* DATA EXTRACT

:::

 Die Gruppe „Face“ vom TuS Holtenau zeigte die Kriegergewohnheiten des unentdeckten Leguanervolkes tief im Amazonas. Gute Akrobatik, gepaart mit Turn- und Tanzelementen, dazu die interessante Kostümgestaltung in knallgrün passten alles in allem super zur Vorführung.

:::

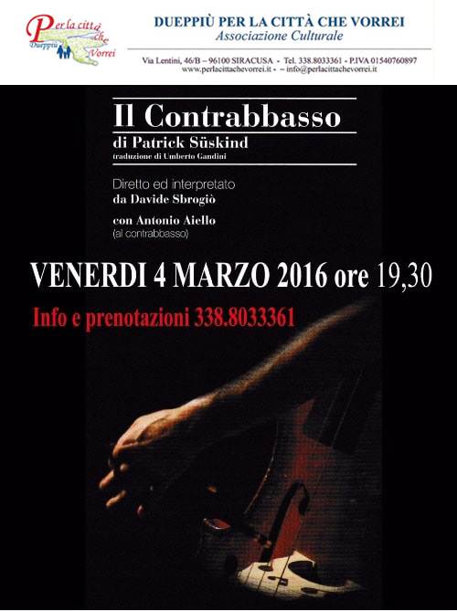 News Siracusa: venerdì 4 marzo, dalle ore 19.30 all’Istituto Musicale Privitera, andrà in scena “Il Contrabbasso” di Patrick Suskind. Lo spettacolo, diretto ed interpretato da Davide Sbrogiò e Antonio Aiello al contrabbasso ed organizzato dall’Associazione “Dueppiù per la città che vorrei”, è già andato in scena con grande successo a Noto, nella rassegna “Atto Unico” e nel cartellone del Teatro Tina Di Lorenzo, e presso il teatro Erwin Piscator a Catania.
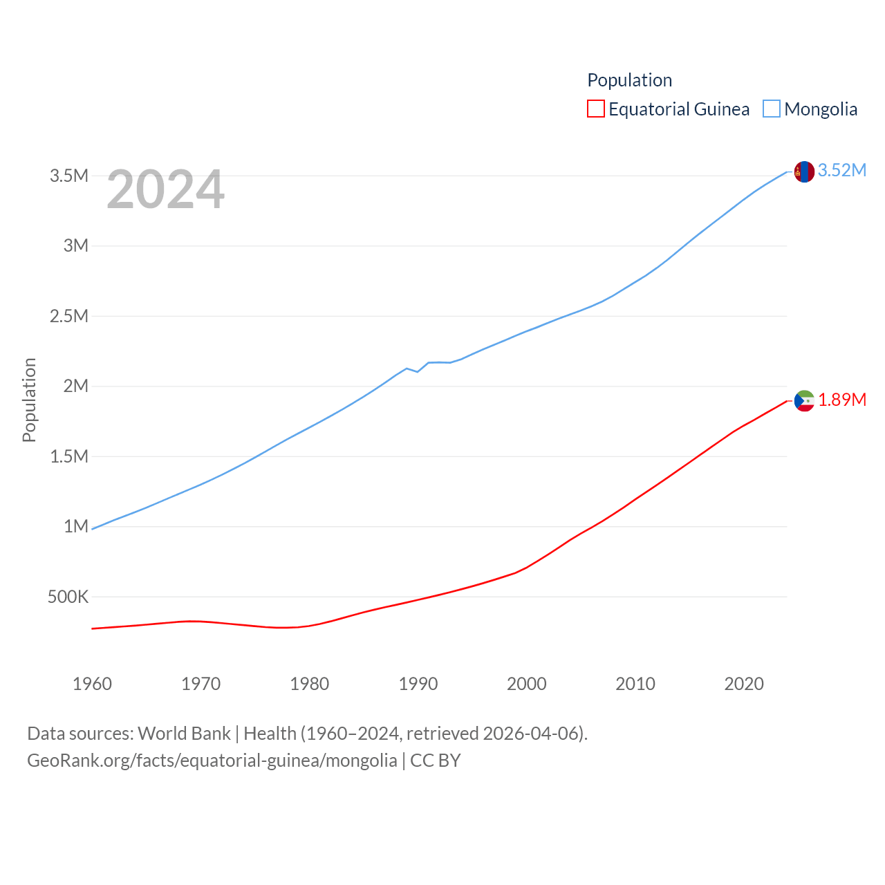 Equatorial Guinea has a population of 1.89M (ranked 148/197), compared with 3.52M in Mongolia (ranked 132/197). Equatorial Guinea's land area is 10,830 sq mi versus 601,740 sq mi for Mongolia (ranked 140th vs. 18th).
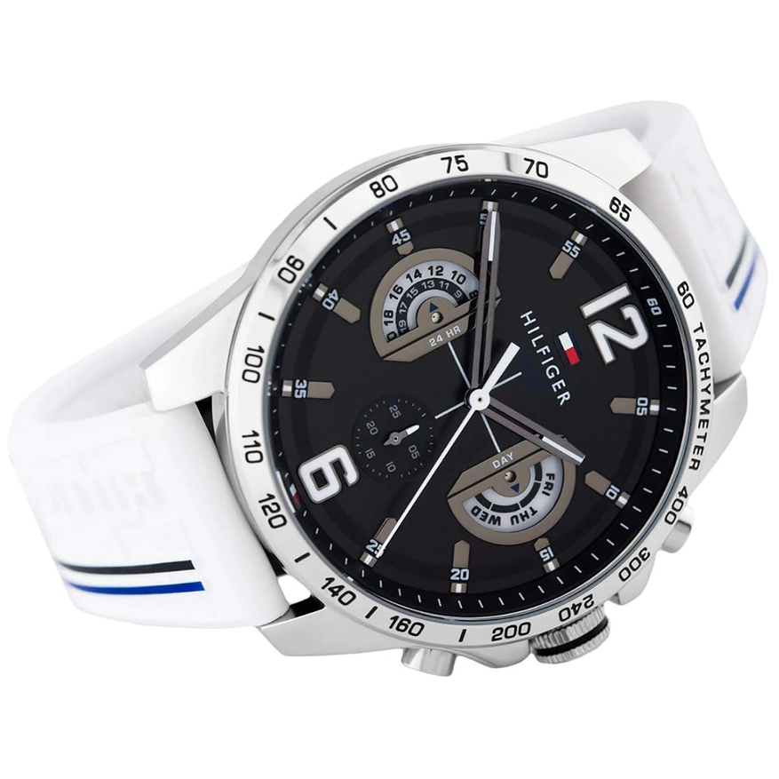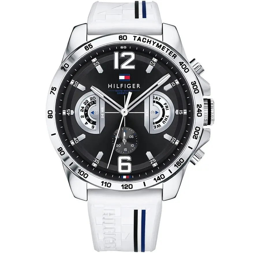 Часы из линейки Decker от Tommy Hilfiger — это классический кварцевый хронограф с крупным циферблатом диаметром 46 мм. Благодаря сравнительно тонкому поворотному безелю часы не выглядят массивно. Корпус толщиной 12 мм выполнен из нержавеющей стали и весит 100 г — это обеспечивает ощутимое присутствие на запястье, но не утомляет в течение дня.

:::

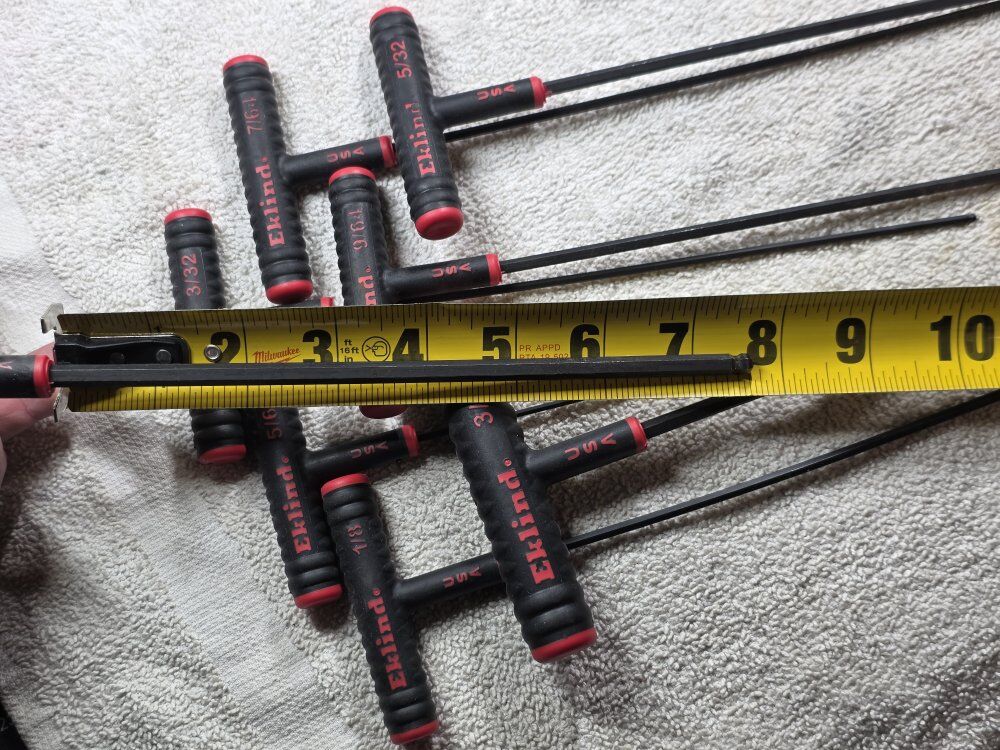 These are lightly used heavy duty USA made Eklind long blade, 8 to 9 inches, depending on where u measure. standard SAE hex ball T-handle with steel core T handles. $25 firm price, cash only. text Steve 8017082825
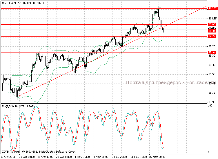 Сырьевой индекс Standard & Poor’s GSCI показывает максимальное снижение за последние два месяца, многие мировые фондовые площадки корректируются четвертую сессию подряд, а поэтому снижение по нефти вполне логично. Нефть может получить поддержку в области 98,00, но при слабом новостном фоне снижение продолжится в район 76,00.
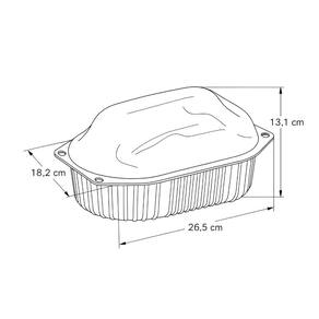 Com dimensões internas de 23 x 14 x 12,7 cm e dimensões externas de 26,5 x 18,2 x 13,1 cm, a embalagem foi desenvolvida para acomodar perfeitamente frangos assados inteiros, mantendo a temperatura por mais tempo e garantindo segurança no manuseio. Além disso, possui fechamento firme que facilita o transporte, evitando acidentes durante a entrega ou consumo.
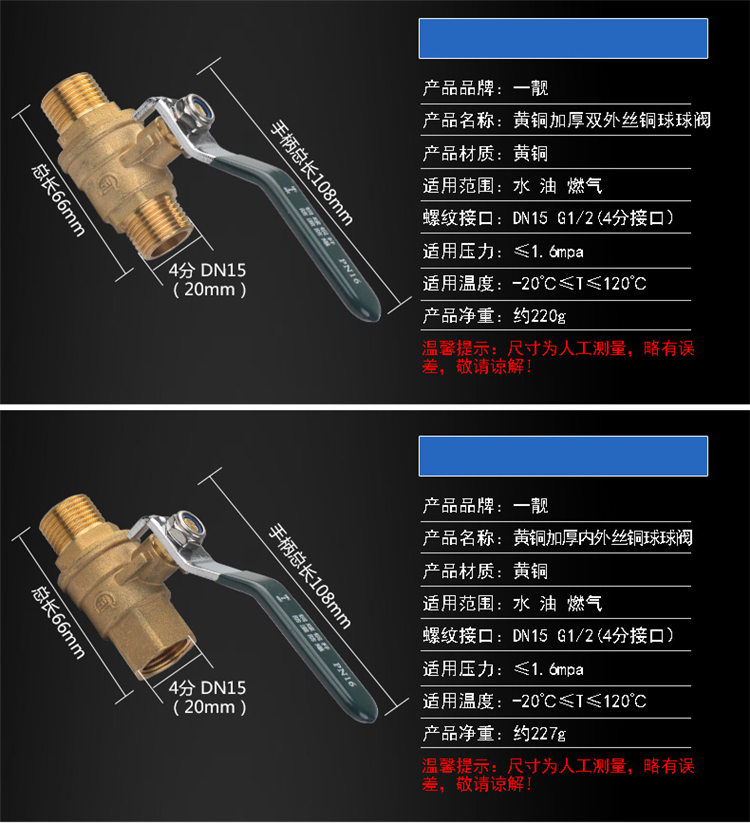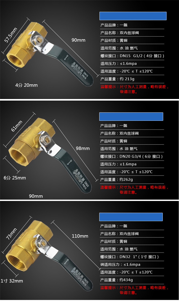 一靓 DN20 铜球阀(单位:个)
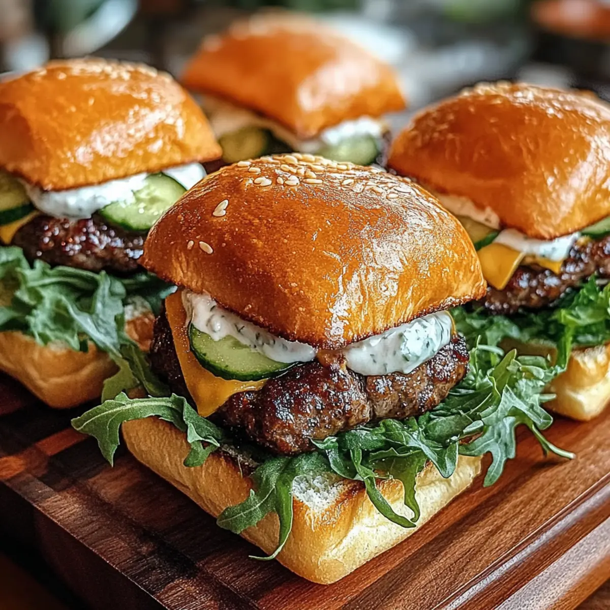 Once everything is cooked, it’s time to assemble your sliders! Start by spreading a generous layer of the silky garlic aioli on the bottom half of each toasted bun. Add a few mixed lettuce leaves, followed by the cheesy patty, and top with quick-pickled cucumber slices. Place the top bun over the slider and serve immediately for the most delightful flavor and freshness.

:::

* TASK PROMPT
How would the lines above read from the one with "Equatorial Guinea has" to the one with "Часы из линейки", inclusive, with no pictures? Write them out exactly.

* OUTPUT FOR THIS EXERCISE
 Equatorial Guinea has a population of 1.89M (ranked 148/197), compared with 3.52M in Mongolia (ranked 132/197). Equatorial Guinea's land area is 10,830 sq mi versus 601,740 sq mi for Mongolia (ranked 140th vs. 18th).
 Часы из линейки Decker от Tommy Hilfiger — это классический кварцевый хронограф с крупным циферблатом диаметром 46 мм. Благодаря сравнительно тонкому поворотному безелю часы не выглядят массивно. Корпус толщиной 12 мм выполнен из нержавеющей стали и весит 100 г — это обеспечивает ощутимое присутствие на запястье, но не утомляет в течение дня.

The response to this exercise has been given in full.